The validation targets are concrete: Cytochrome P450 for drug discovery, iron-sulfur clusters involved in ammonia synthesis, and CO2-utilization catalysts. The team estimates ground-state energy estimation for active spaces of 20 to 50 spatial orbitals is achievable using approximately 10^5 physical qubits, with runtimes on the order of days to weeks. Computation times that once required millennia are now projected at roughly 10 days at 0.01% physical error rates, or 35 days at 0.10% — a reduction of three orders of magnitude versus unoptimized methods.

Phase rotation gates integrated with logical T-gates are the enabling trick. STAR v3 achieves an error scaling of O(theta_L^{2(1-Theta(1/d))} p_ph), improving from the prior O(theta_L p_ph). The practical effect: logical analog rotation gates with error rates roughly two orders of magnitude lower than standard T-gate synthesis at small rotation angles.

There is a gap worth naming between the papers and current hardware. The arXiv architecture paper explicitly targets operation at physical error rates of 10^-3 — a relaxed threshold, but still aspirational for most qubit platforms. IBMs current Heron R2 systems sit around 10^-3 to 3x10^-3 error rates at roughly 100 to 1,000 physical qubits. Fujitsus estimates require 100,000 to 200,000 qubits at the same error rate. That gap is the entire ballgame, and the papers do not close it.

This is resource estimation, not demonstration. The papers show what becomes tractable on a future fault-tolerant machine — not what any existing machine can do today.
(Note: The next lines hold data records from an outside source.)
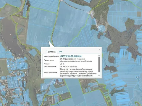 Продажа права аренды (годовой арендной платы) земельного участка сельскохозяйственного назначения, площадью 20,0000 га, кадастровый номер: 4623310100:01:000:0004, расположенный по адресу: Львовская область, Львовский район, г.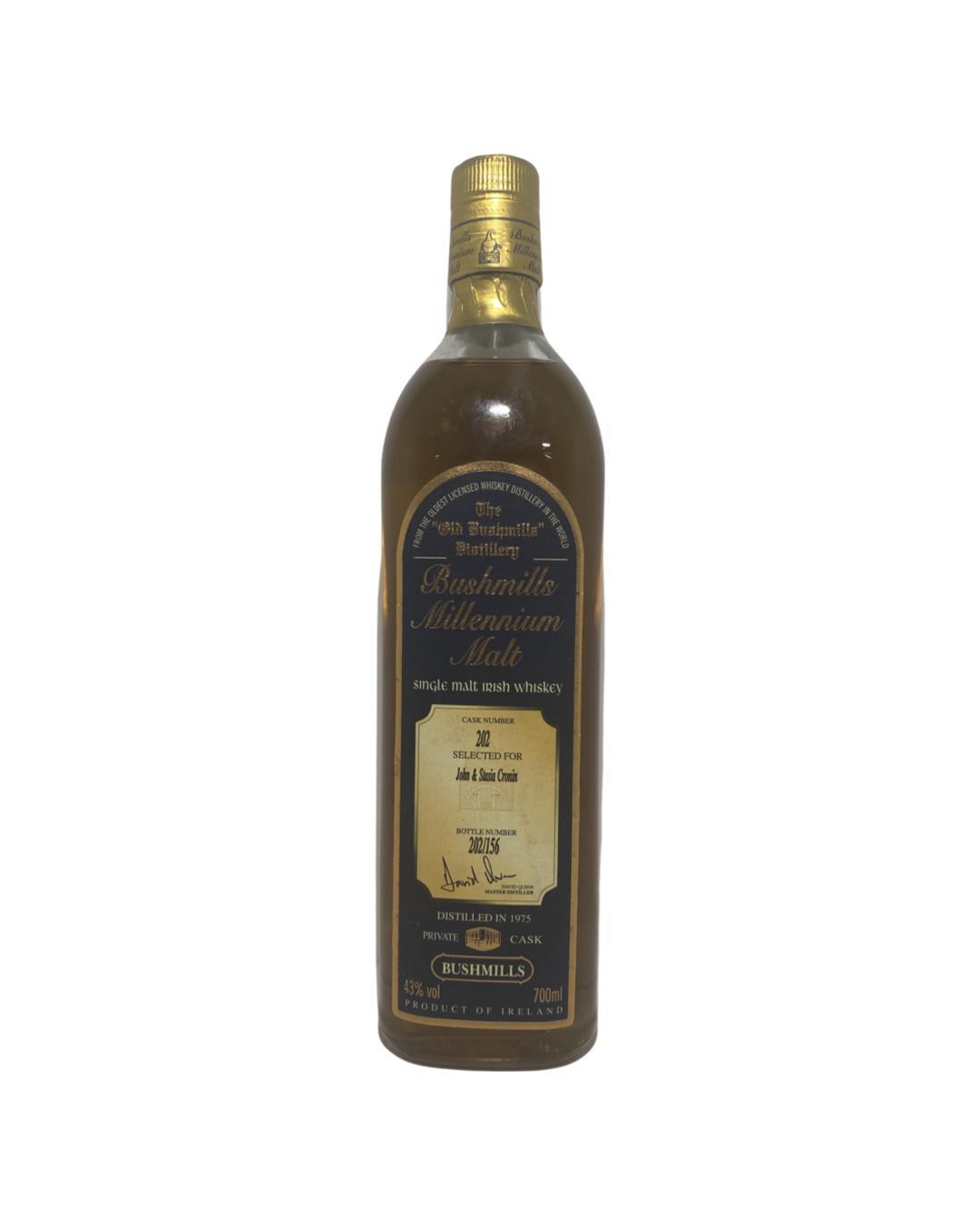 This bottle of Bushmills Millennium Single Malt was bottled around the Millennium and what resulted was the longest aged Bushmills whiskey available then, with this exceptional cask being 202.Bushmills Millennium Malt is a series of single cask bottlings from whiskey distilled in 1975 and matured in ex-Bourbon barrels. This unique Bushmills Millennium Malt has come straight from the cask, pure and unfiltered, following the ancient tradition that is whiskey making in Ireland. The addition of water, which flows over the basalt rock from St. Columbs Rill, to bring it to its bottled strength, is the only change Bushmills have made to your whiskey since it began the slow gentle process of maturation in your cask, back in 1975.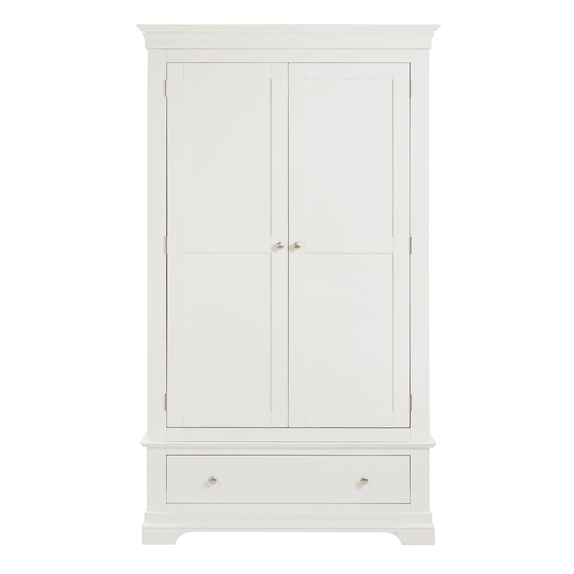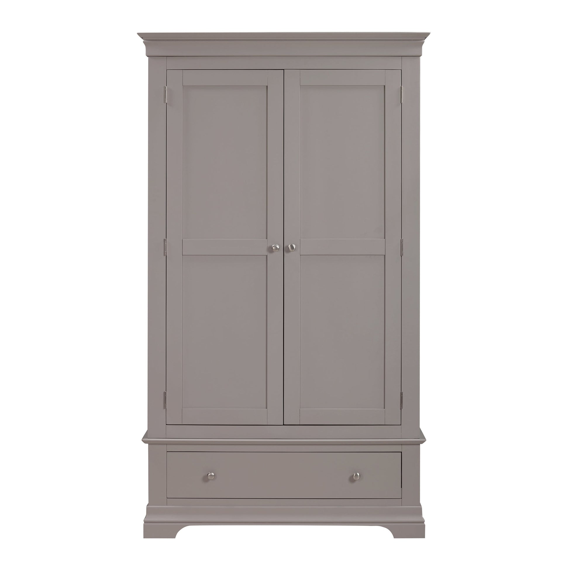 Blending generous storage with timeless style, our Province two door wardrobe has been thoughtfully designed and expertly handcrafted to provide strength and stability for every day use. A single wooden rail offers ample room for hanging full-length garments while the surprisingly spacious bottom drawer provides additional storage close at hand for folded knits and accessories. Our much-loved Province collection is characterised by its timeless design, understated grey or white painted finish and light contemporary touches. It’s handcrafted with mortise and tenon solid wood frameworks for long-lasting durability and dovetail jointed drawers for added strength. A perfect range for the every day home.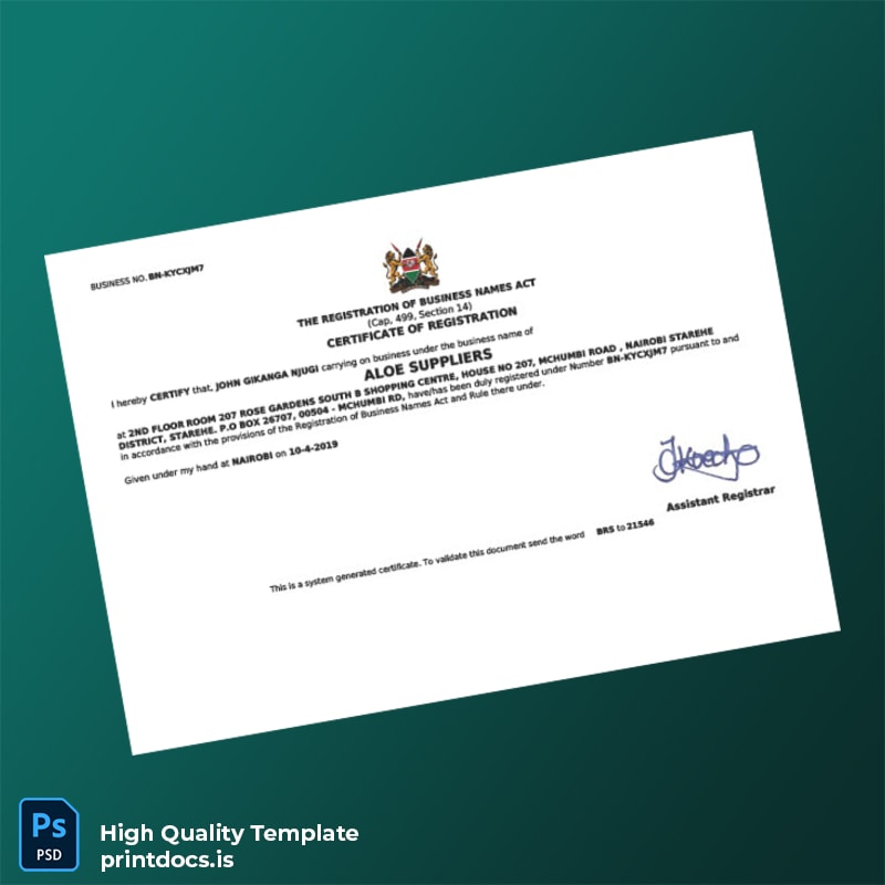 Professional Kenya Assistant Registrar Business Registration Certificate Template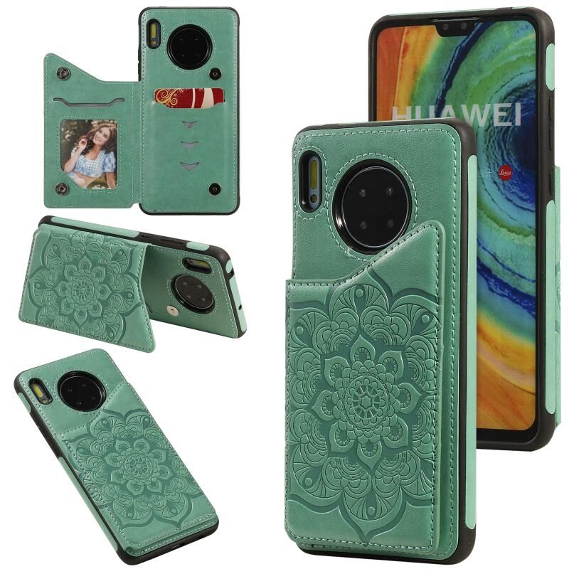 Για Huawei Mate 30 λουλούδι ανάγλυφο μοτίβο Shockproof προστατευτική θήκη με υποδοχή & υποδοχές καρτών & πλαίσιο φωτογραφιών (πράσινο)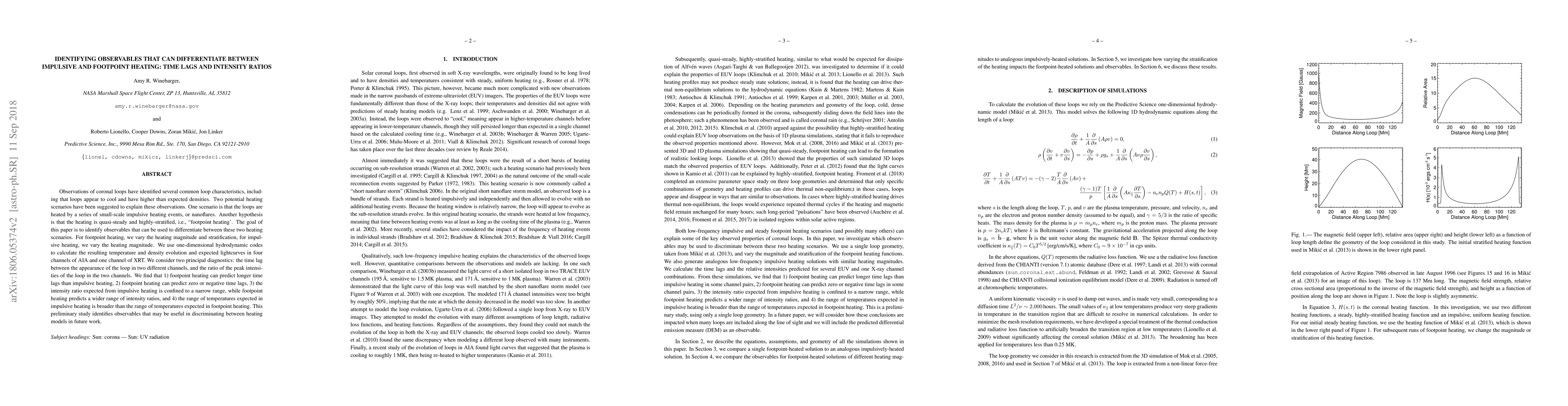 Observations of coronal loops have identified several common loop characteristics, including that loops appear to cool and have higher than expected densities. Two potential heating scenarios have been suggested to explain these observations. One scenario is that the loops are heated by a series of small-scale impulsive heating events, or nanoflares. Another hypothesis is that the heating is quasi-steady and highly-stratified, i.e., ``footpoint heating'. The goal of this paper is to identify observables that can be used to differentiate between these two heating scenarios. For footpoint heating, we vary the heating magnitude and stratification, for impulsive heating, we vary the heating magnitude. We use one-dimensional hydrodynamic codes to calculate the resulting temperature and density evolution and expected lightcurves in four channels of AIA and one channel of XRT. We consider two principal diagnostics: the time lag between the appearance of the loop in two different channels, and the ratio of the peak intensities of the loop in the two channels. We find that 1) footpoint heating can predict longer time lags than impulsive heating, 2) footpoint heating can predict zero or negative time lags, 3) the intensity ratio expected from impulsive heating is confined to a narrow range, while footpoint heating predicts a wider range of intensity ratios, and 4) the range of temperatures expected in impulsive heating is broader than the range of temperatures expected in footpoint heating. This preliminary study identifies observables that may be useful in discriminating between heating models in future work.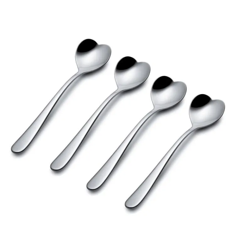 Gewohnt verspielt bereichert die Designerin Miriam Mirri mit dem Teelöffel ihre Objektfamilie, in deren Mittelpunkt das Herz steht. Die beiden abgerundeten Bögen des Herzes am Löffelrand dienen nicht nur der gestalterischen Funktion, mit ihnen lässt sich auch der Tee hervorragend umrühren. Die Löffel aus hochglänzend poliertem Edelstahl sind 14,5 cm lang und für die Reinigung in der Spülmaschine geeignet.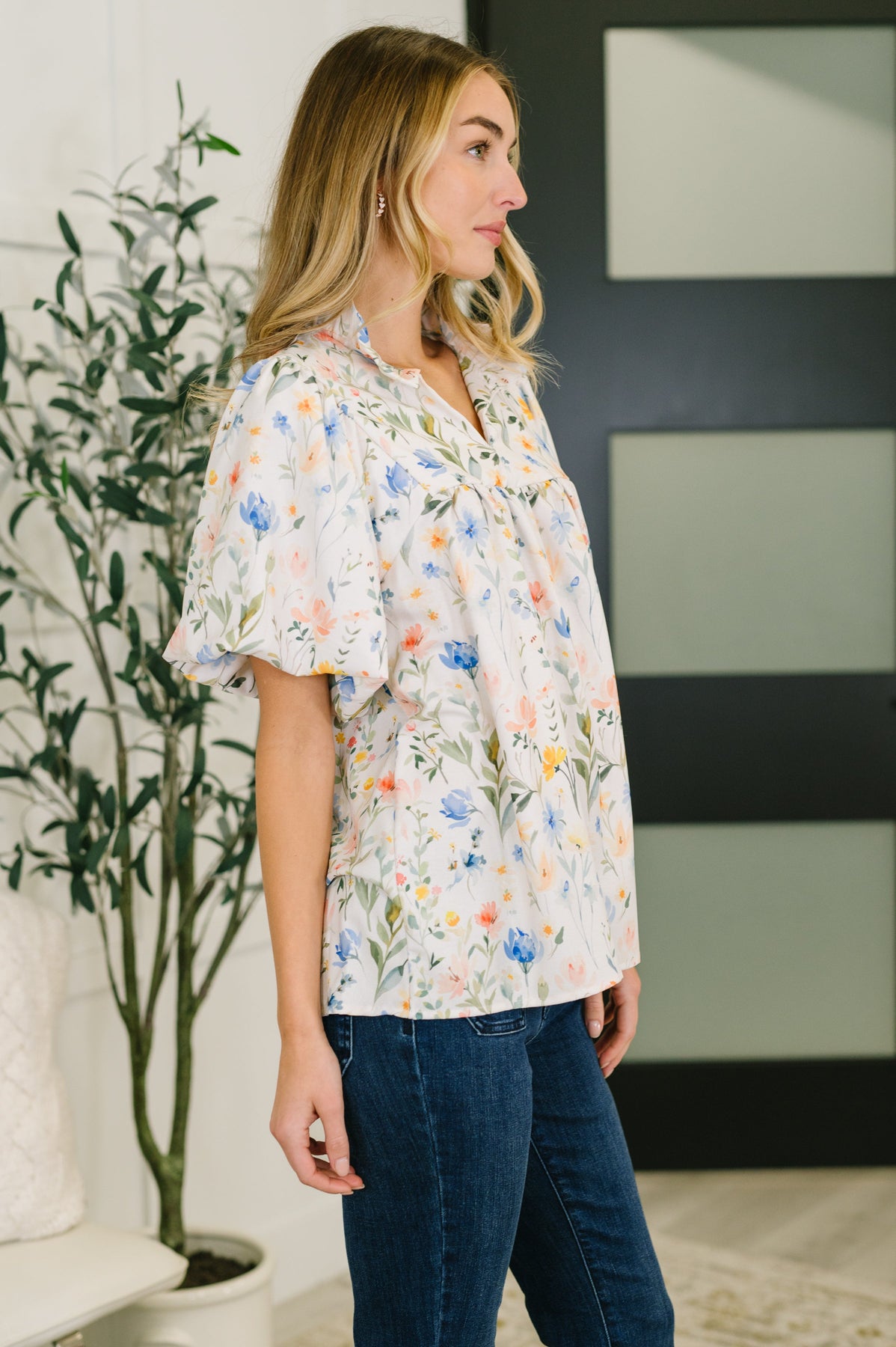 The In All This Time Notch Neck Floral Blouse is here to remind you that timeless style never goes out of fashion. Crafted in crisp poplin, this charmer boasts a notch neckline with high ruffled details that frame your face beautifully. Dreamy balloon sleeves bring movement and personality, while lined sleeves keep things comfortable against your skin. The cased elastic cuff ensures a perfect fit that stays put, so you can focus on looking fabulous without any fuss.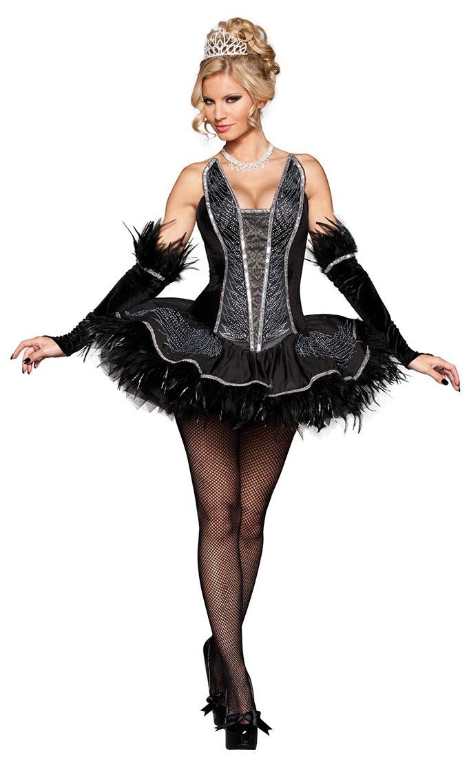 The very beautiful Seductive Swan Ladies Adult Costume includes a black faux velvet and satin dress with corset-like boning, sequin and rhinestone accents and black feather trim. Also included to complete the look is a petticoat tutu and matching velvet modesty pants, opera length velvet glovettes with sequin, feather trim and rhinestone tiara. Please note: (Jewellery and fishnet stockings not included but similar may be purchased separately)

The practical significance is the threshold clarification: early fault-tolerant quantum computers may need hundreds of thousands of qubits rather than millions for chemically relevant molecular simulations, and may tolerate error rates an order of magnitude higher than prior estimates assumed. That is useful information for hardware roadmaps and investment frameworks — if it holds.

The authors are Fujitsu researchers Shota Kanasugi, Riki Toshio, Kazunori Maruyama, and Hirotaka Oshima, alongside Keisuke Fujii at Osaka University and RIKEN. No independent groups have replicated or validated the resource estimates. The arXiv papers are 2603.22778 and 2603.22891.